子供の頃から勉強しろと諭され、良い学校で優秀な成績を残すように急かされ、賢くなければ生きていけず、しかし歳を重ね良い大人になればなるほど、考えず学ばず楽に生きていこうとするのは何故でしょうか?
先日、父が3日前のお弁当を夕食に食べました。家族がいくら注意しても「大丈夫だ」の一点張りで、結局1時間に1回トイレに行ってうなされていました。ナチュラルに痴呆が入ってきているのかもしれません。なぜ子供でも危ないとわかるようなことを自信満々でやることができるのか、老いというものは想像以上に恐ろしいと思います。
近年よく議論されるようになった「反知性主義」も、実に不思議な概念です。知性に欠けているのですから、主義でも何でもないと思います。党内議論をスルーしたLGBT法やロシアの侵攻理由、なぜ妄言としか思えないような言説が正当化され世の中に罷り通るのか、そのプロセスを考え原因を知らなければ、世の中は愚かさによってさらに悲惨な状態になりかねません。
なぜ人間は率先してバカになろうとするのか、私は不思議に思っていました。賢さや真実に向かうのはこの世界で生きていく唯一の術であるはずなのに、わざと愚かになる選択をするのは、一体なぜなのでしょうか。

バカになったほうが得をする社会構造

反知性主義の発するところを見れば、彼らは必ずしも社会生存圏の下部に位置していて、毎日学校に行くことも生活することもままならないような人たちではないことに気づきます。
言わば、バカになって組織思想に従順であることで生存手段を獲得しているか、あるいはバカでも十分満足できる生活ができるゆえに、努力を最小化し向上意識を捨て去った人たちにこそ起こり得る事象のような気がします。
つまり反知性主義に走る彼らは、賢くなり他者を理解し、切磋琢磨して生存手段を得るような競争社会には属さず、利権に依存することで自動的に利益を得られるからこそ、知性を求める必要がなく、エントロピーに逆行する必要もないのです。
生物に適者生存の法則がある以上、楽をして何も考えず生きることに傾向していくものだと思います。

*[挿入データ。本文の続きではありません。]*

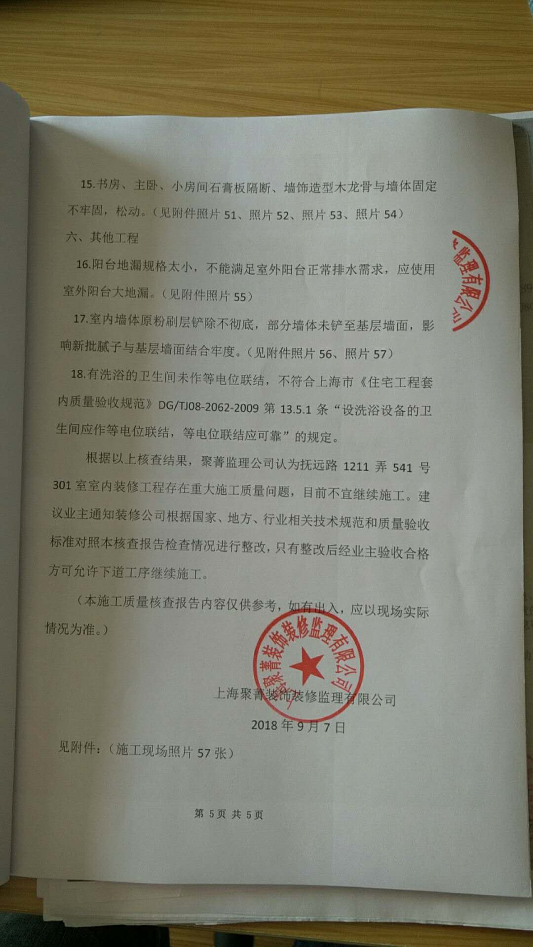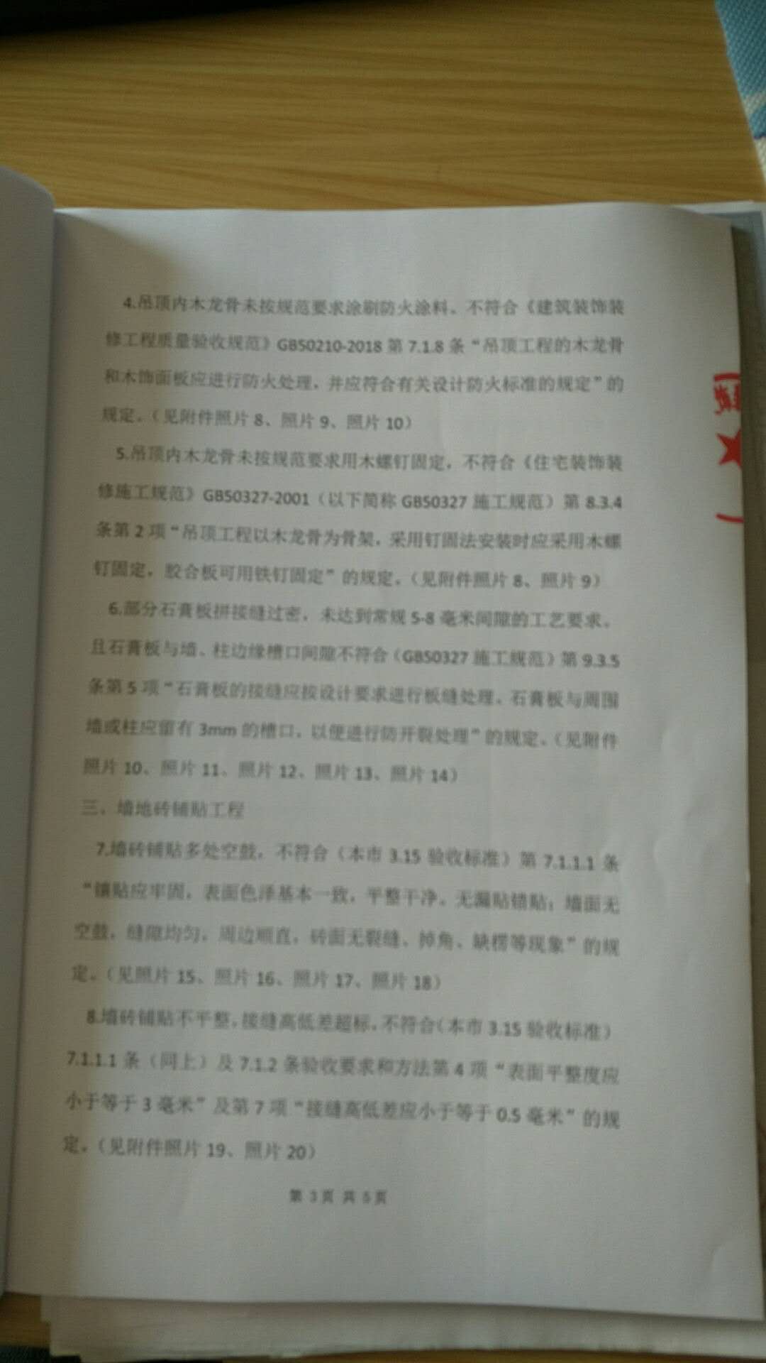 2018.9.7請第三方監(jiān)理公司來檢查,發(fā)現(xiàn)很多問題,還有好多不合行業(yè)裝修規(guī)定的照片還沒上傳上來

むしろ競争原理から逸脱し、バカになることで利益を増幅させるような環境にこそ、全ての原因が潜んでいるのではないでしょうか。
人間が集まれば集まるほどIQが下がるのは何故か、いつも不思議に感じていました。これには心理学的な理論があるはずだと調べたところ、「集団浅慮」という社会心理学の用語があるそうです。大変わかりやすい記事を見つけましたので、貼っておきます。

人間は意識を集約する時、同調し周囲に思考を委ね、複雑なロジックをより単純化していくことで、妄言に近いスローガンに取り込まれていく危険性があります。
無思慮であればあるほど利益を得られる社会構造は、当人たちは最適化した結果かもしれませんが、そういった安定搾取のシステムが社会に対して良い影響を与えているとは限りません。競争原理に反し自浄作用を失えば、人や組織が必ず腐敗することは歴史が証明します。
そういった社会悪に染まった組織が、いわゆる「反知性主義」に傾くのではないか、と私は思います。いや、反知性主義に傾倒するからこそ、人や組織は悪に加担するのかもしれません。

「非合理的な利権」の解体こそ、反知性主義に抗う手段である

この現象について逆に考えれば、集団の利権に依存すればするほど知性を求められなくなる一方、個人に分散すればするほど思考力は高まり、批判能力を発揮できるということです。
これまで歴史上、腐敗した特権階級は民衆の蜂起によって、武力で引き摺り下ろされる出来事が頻発していました。それには一点突破というか、怒りが最高潮に達して起こる現象でもあります。しかし今日のネットが発展した民主主義国家は、個人の告発によって問題化することが可能になりました。近年ではやりすぎの傾向もありますが、これまで上流社会や特権階級が行ってきたような、不条理な慣習を批判することができるようになったのは、紛れもない民主的進歩であるように思います。
個人の反知性主義は、遅かれ早かれ痛い目を見れば自ずと更生する可能性は高いです。しかし組織が巨大で資本力があり、強権的であればあるほど、そういった社会悪から反知性主義を取り除くことは困難になります。
しかし反知性主義に妥協し、妄言としか思えないプロパガンダを有り難がるような風潮に向かえば、今日の東アジアの先制国家のような、集団的自滅を招いてしまいます。
だからこそ、おかしいことはおかしいと批判し、時に叩いては引きずり下ろすような攻撃性も、社会にとってどうしても必要です。しかし一方、社会を健全化するための環境を整備することも重要であり、自由化された組織群が、利権の代替システムとして構築されなくてはなりません。
今の世の中は逆におかしいことはおかしい、と言いすぎる節もありますが、本当の巨悪に対しては押し黙る空気があるのも事実です。
私たちが巨大な既得権益に沈黙し、利益にすがり得をすることを許す風潮があるとしたら、それこそ反知性主義に取り込まれてしまっている、と言えるのかもしれません。